This model gave a considerably better fit to the data than the analysis of covariance model in which all patients were assumed to benefit from treatment. The small average antidepressant–placebo difference obscures a much larger effect in a clinically meaningful subgroup of patients.
It has been proposed that a small mean difference can be magnified when continuous data are transformed to categorical data (e.g. response or remission).1 This apparent discrepancy between continuous and response/remission measures implies that the rating scale scores are not normally distributed, which is a violation of the assumptions underlying the analysis of covariance (ANCOVA) model. Hence, it is also an indication that not all patients benefit from the intervention. This issue has important implications with respect to understanding the clinical significance of antidepressant medications, as some have argued that the small mean differences in symptom scores (compared with placebo) observed in meta-analyses of randomised controlled trials (RCTs) of newer generation antidepressants indicate that the utility of these treatments falls below the threshold of clinical significance for all but the most severely depressed patients.2–4
There are various ways in which continuous parameters, such as total scores on a depression rating scale, can change as a result of an intervention. For example, one intervention can move the whole distribution, indicating an improvement for all patients, whereas another intervention might improve scores in only some patients. These different patterns of improvement can result in the same mean change in the study population. Although data can be analysed using ANCOVA, assuming that all patients benefit from the intervention in terms of improvement on a rating scale, models that address the latter pattern of improvement have not been explored using data from RCTs of antidepressants. The analysis reported here was undertaken to determine whether it is possible to distinguish between these two patterns by pooling data from a comprehensive data-set of placebo-controlled RCTs in major depressive disorder. Specifically, we aimed to determine whether the distribution of post-treatment scores shifts laterally from baseline to the end of treatment or, conversely, whether the shape of the distribution changes. Thus, we applied the mixture model, which includes the ANCOVA as a special case, in an attempt to improve the description of the observed score distribution while preserving a relatively simple interpretation of the effect of the intervention.

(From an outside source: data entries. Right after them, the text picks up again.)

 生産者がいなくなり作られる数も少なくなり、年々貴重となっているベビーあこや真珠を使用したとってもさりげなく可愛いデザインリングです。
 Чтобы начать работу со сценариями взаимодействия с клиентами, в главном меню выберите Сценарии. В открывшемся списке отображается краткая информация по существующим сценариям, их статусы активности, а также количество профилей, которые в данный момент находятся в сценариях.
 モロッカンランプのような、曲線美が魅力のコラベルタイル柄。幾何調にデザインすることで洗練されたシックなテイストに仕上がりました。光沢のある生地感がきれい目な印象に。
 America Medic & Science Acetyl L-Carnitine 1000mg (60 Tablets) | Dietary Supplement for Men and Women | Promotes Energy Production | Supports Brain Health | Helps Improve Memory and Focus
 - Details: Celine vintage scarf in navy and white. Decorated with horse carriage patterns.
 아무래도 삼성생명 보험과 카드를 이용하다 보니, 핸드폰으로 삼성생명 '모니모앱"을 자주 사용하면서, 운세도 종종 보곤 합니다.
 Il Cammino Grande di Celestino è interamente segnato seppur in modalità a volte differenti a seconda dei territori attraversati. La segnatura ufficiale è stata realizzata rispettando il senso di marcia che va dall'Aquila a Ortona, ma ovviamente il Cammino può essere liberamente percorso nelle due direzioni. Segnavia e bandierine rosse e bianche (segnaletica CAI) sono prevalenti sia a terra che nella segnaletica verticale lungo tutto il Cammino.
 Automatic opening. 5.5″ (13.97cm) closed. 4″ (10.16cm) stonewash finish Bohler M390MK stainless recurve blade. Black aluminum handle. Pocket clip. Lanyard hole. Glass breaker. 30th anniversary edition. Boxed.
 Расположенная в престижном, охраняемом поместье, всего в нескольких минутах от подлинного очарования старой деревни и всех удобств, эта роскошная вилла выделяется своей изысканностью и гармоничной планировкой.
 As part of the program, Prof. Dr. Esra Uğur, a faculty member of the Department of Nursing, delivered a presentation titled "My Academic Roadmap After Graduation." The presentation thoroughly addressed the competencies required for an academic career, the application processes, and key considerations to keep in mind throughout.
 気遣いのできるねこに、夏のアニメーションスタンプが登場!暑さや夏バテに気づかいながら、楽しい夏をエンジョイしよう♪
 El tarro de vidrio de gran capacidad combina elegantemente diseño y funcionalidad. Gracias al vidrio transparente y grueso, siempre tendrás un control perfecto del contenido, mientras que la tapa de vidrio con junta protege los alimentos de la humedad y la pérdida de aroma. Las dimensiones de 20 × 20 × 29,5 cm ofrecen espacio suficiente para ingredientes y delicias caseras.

Data were pooled from all five of the trials of escitalopram sponsored by Forest and Lundbeck.5–9 These were randomised placebo-controlled trials in which it was possible to receive escitalopram at a dose of 20 mg per day (Table 1). Khan et al have shown that antidepressant–placebo differences are greater in patients with severe depression than in those with moderate depression,10,11 and Bech et al have demonstrated that 20 mg is a more effective daily dose of escitalopram than 10 mg for treatment of patients with severe depression,12 defined as those with a baseline score of 30 or above on the Montgomery–Åsberg Depression Rating Scale (MADRS).13 Thus, in order to have as large a signal-to-noise ratio as possible, only patients with a baseline MADRS score of 30 or over were included in the initial analyses. After validating the analyses in the more severe subset, analyses were repeated for the overall study group, as well as the subset with less severe depression.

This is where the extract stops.